Практикум 8

Ген морской звезды, кодирующий δ-субъединицу АТФ-синтазы

Был произведен поиск в файле последовательностей белков последовательности δ-субъединицы АТФ-синтазы по запросу: ATP synthase subunit delta. Идентификатор данного белка: XP_033636179.1 ATP synthase subunit delta, mitochondrial-like [Asterias rubens].

Файл с последовательностью δ-субъединицы АТФ-синтазы.

Далее был произведен поиск в нуклеотидной последовательности генома (искали идентификатор записи нуклеотидной последовательности дельта-субъединицы АТФ-синтазы). Идентификатор нуклеотидной записи: NC_047073. Ген, в котором содержится последовательность дельта-субъединицы ATP5F1D.
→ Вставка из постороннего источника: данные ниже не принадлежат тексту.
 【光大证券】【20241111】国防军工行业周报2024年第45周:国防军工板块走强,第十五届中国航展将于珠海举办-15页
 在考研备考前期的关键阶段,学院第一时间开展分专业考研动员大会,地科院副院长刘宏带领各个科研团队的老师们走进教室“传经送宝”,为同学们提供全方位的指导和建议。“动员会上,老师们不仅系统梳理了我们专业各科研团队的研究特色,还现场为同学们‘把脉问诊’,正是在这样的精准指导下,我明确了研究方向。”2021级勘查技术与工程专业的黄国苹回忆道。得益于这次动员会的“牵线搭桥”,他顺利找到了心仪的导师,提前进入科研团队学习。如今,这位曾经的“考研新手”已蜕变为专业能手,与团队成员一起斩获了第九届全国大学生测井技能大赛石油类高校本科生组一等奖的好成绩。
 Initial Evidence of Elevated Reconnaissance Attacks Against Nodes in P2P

Файл с окрестностью гена ATP5F1D.

Рис. 1. Изображение окрестности гена.

Сравнение находок разных алгоритмов BLAST

Так как морские звезды (Asterias rubens) относится к вторичноротым, рассмотрим находки по фрагментам ДНК первичноротых, а именно Пауки (Araneae).
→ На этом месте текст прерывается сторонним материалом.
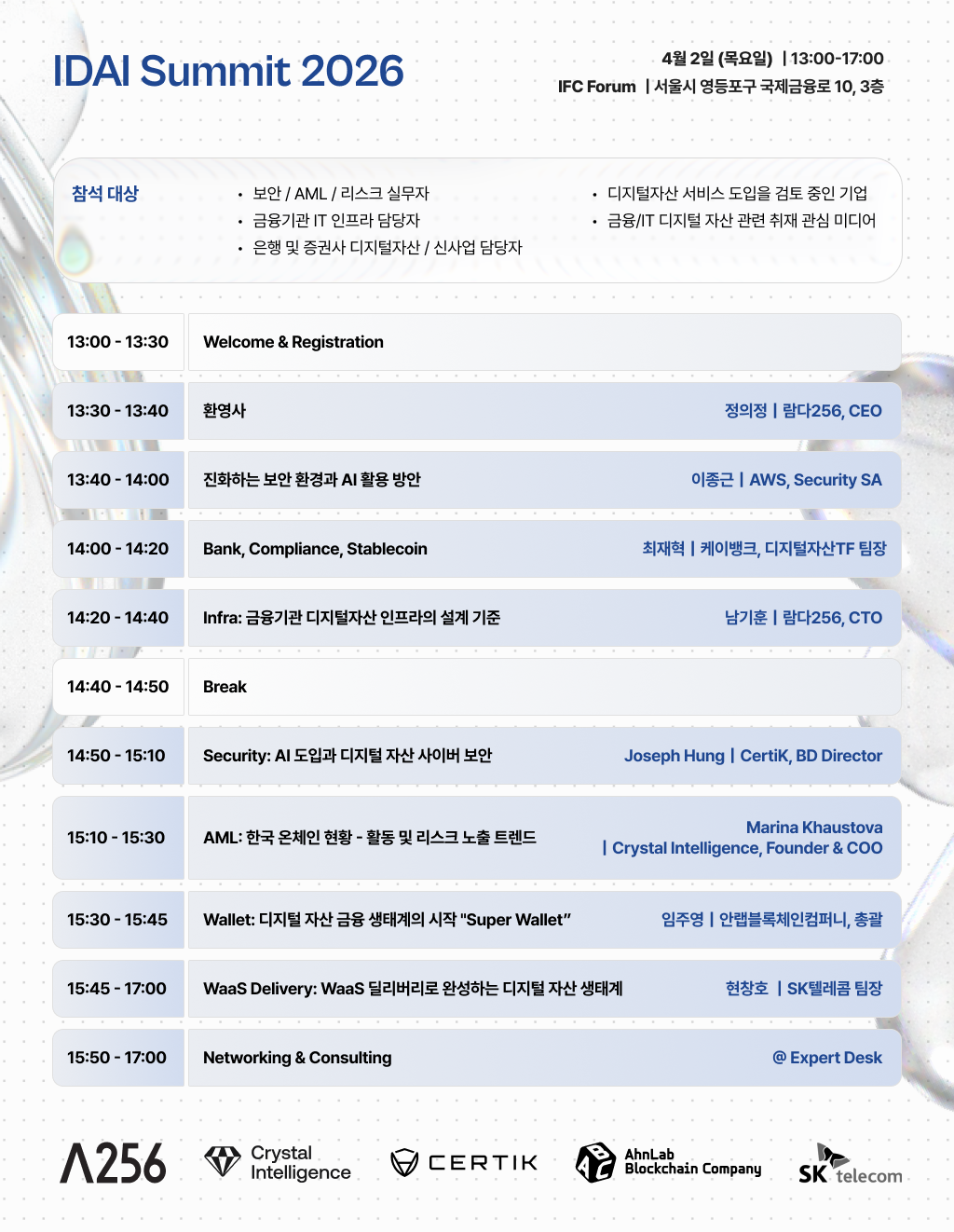 이러한 산업적 변화 속에서 오는 4월 2일에 람다256, Crystal Intelligence, CertiK, 안랩블록체인컴퍼니(ABC)와 SK텔레콤이 디지털자산 금융 인프라 포럼, IDAI Summit 2026 (Institutional Digital Asset Infrastructure Summit 2026)을 개최할 예정입니다. 이번 행사에서는 디지털 자산 인프라 각 분야의 전문가들이 참여하여 제도 환경과 실제 운영 사례를 기반으로 한 인사이트를 공유하고, 금융기관이 디지털 자산 서비스를 구축하고 운영하는 과정에서 필요한 핵심 인프라 설계 기준과 운영 원칙을 함께 논의할 예정입니다.

База данных для поиска: refseq_genomes.

Число сборок в ней, входящих в выбранный таксон: 29 (число геномов, по которым проводился поиск).
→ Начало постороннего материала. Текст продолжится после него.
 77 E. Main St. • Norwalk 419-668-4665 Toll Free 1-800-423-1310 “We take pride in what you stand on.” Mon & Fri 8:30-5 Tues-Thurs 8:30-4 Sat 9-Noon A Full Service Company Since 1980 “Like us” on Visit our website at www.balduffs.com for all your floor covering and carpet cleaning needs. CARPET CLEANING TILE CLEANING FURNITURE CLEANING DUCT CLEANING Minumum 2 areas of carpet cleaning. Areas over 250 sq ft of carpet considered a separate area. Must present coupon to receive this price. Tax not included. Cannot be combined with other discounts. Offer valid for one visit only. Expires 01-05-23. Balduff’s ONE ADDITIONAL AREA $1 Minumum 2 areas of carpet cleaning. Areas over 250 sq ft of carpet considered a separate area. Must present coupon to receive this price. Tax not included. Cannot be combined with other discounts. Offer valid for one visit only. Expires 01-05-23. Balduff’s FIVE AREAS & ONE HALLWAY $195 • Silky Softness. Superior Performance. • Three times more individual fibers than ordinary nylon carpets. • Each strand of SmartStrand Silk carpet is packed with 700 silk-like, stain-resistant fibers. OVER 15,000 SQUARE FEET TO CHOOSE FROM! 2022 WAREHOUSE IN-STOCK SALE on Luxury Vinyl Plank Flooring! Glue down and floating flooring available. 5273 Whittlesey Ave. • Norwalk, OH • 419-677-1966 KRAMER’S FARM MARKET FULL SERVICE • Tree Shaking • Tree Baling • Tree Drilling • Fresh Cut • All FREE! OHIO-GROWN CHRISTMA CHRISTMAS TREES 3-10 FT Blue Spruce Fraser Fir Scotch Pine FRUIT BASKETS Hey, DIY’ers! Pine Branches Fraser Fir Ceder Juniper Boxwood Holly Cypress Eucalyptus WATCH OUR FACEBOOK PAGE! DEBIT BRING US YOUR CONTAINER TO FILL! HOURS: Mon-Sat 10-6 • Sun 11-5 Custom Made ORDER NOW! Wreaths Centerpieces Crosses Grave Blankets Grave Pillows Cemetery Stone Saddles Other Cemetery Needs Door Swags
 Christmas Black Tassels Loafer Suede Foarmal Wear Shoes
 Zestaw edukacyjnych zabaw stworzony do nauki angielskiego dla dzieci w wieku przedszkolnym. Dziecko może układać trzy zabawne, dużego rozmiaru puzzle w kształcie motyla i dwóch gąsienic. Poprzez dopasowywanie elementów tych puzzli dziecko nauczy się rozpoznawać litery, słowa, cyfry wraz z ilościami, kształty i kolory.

1) По поиску в tblastx найдено 4 находки, в среднем 55% идентичности, учитывая, что Пауки от Морских звезд далеки, то подобный рзультат указывает на недостаточно хорошую консервативность последовательности гена, кодирующего дельта субъединицу АТФ-синтазы. В целом такое небольшое количество находок и ожидалось со стандартными параметрами BLAST.

Файл выдачи tblastx

2) Поиск по алгоритму megablast с длиной слова 28 выдало 2 находки, 73.20% и 91.89% идентичности. Такой результат предполагает, что найденные последовательности имеют относительно высокий уровень идентичности с искомой, но при этом могут быть различия в отдельных сегментах. При идентичности 91.89% длина выравнивания 37 (в нуклеотидах), а его e-value незначителен (0.03). В целом в окрестностях этого числа находок и был ожидаемый результат.

Файл выдачи megablast

Поиск в геноме генов основных рибосомальных РНК по далекому гомологу

Команда для индексации генома:

makeblastdb -in GCF_902459465.1_eAstRub1.3_genomic.fna -dbtype nucl

Проводим поиск BLAST по 16S и 23S рРНК E.coli

Приведем описания этих РНК:

16S рРНК - формирует структуру рибосомы, учавствует в распознавании последовательности Шайна-Дальгарно и свойственна прокариотам, расположена в малой субьединице рибосомы.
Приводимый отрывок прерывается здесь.